Your objective - Restate the data below word for word. Leave the images out.

Collected material -
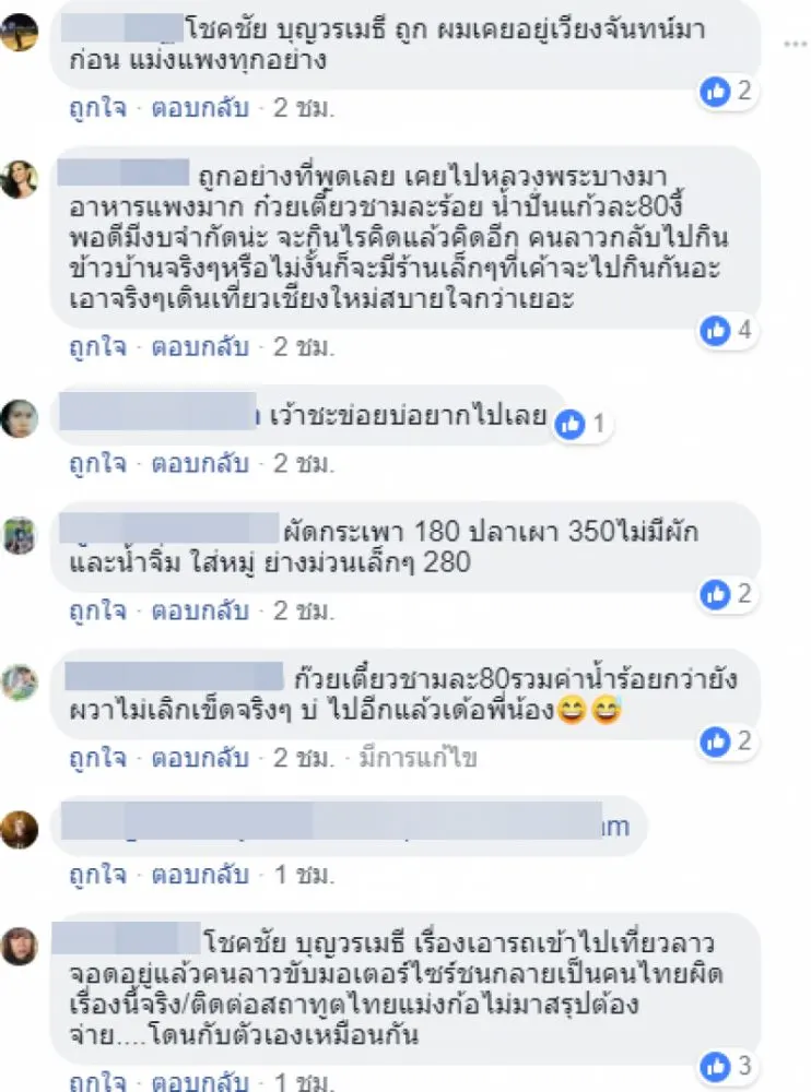 ที่ลาวเฝอคล้ายก๋วยเตี๋ยวชามละ 100 บาท น้ำขวดละ 20 บาท ค่าแรงขั้นต่ำที่ลาวตามประกาศปี 2018 วันละราว 147 บาทไทยเอง เที่ยงมาคนลาวจะกลับไปกินบ้านไม่มีเงินมานั่งกินร้านตามสั่งเหมือนไทยนะ ไก่ย่างเสียบไม้ตัวละ 600 บาทไทย ผู้ประกอบการลาวเจอนักท่องเที่ยวไทยยังกะผีดิบเจอเหยื่อ ทุกอย่างถูกบวก บวก เซอร์วิสชาตเข้าไปอีก กระทั่งรถ 3 ล้อ คนไทยไปเที่ยววัดในลาว วัดดันอยู่ในเขตทหาร ถ่ายรูปจากมือถือชมความงามถูกจับข้อหาสายลับติดคุกลาว
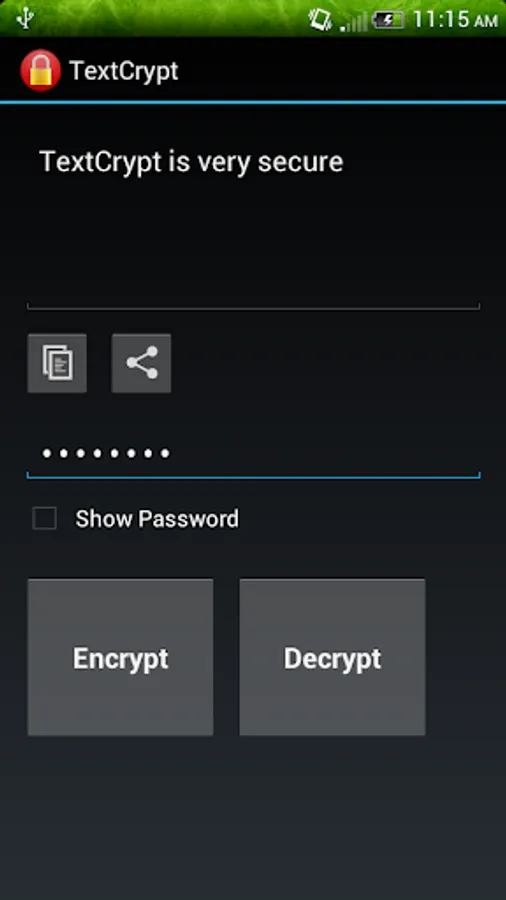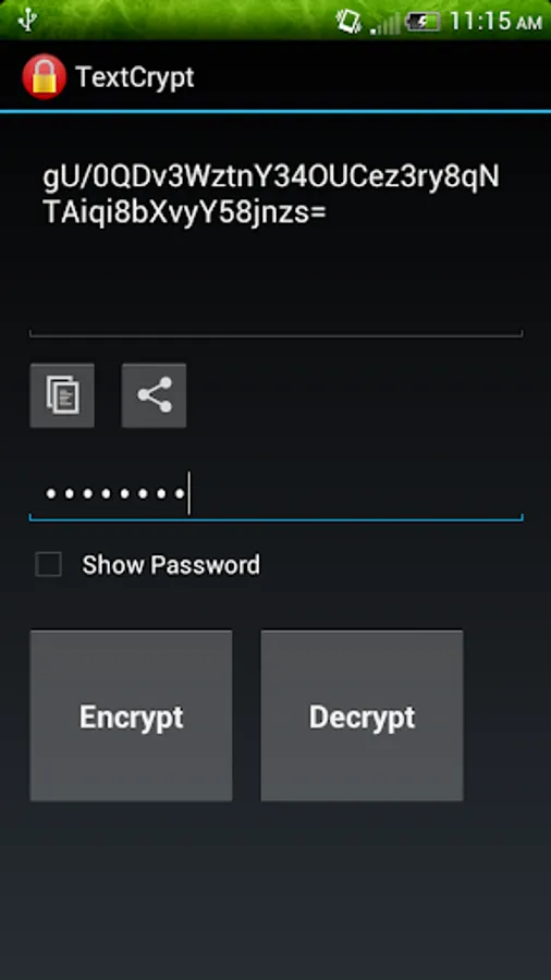 Encrypt text with the industry standard AES algorithm. Easily copy/share the text to other apps. Text can also be shared to TextCrypt for encryption.
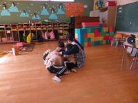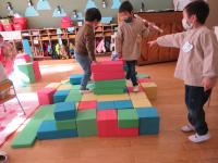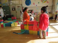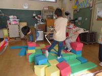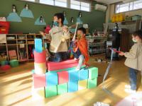 年少(たんぽぽ組)は、みんなで鬼滅の刃ごっこで遊びました。子どもたちは、ソフト積木で無限列車を作って乗ったり、鬼と戦って傷ついて蝶屋敷で治療をしてもらったり思い思いに楽しみました。

Answer for this exercise -
 ที่ลาวเฝอคล้ายก๋วยเตี๋ยวชามละ 100 บาท น้ำขวดละ 20 บาท ค่าแรงขั้นต่ำที่ลาวตามประกาศปี 2018 วันละราว 147 บาทไทยเอง เที่ยงมาคนลาวจะกลับไปกินบ้านไม่มีเงินมานั่งกินร้านตามสั่งเหมือนไทยนะ ไก่ย่างเสียบไม้ตัวละ 600 บาทไทย ผู้ประกอบการลาวเจอนักท่องเที่ยวไทยยังกะผีดิบเจอเหยื่อ ทุกอย่างถูกบวก บวก เซอร์วิสชาตเข้าไปอีก กระทั่งรถ 3 ล้อ คนไทยไปเที่ยววัดในลาว วัดดันอยู่ในเขตทหาร ถ่ายรูปจากมือถือชมความงามถูกจับข้อหาสายลับติดคุกลาว
 Encrypt text with the industry standard AES algorithm. Easily copy/share the text to other apps. Text can also be shared to TextCrypt for encryption.
 年少(たんぽぽ組)は、みんなで鬼滅の刃ごっこで遊びました。子どもたちは、ソフト積木で無限列車を作って乗ったり、鬼と戦って傷ついて蝶屋敷で治療をしてもらったり思い思いに楽しみました。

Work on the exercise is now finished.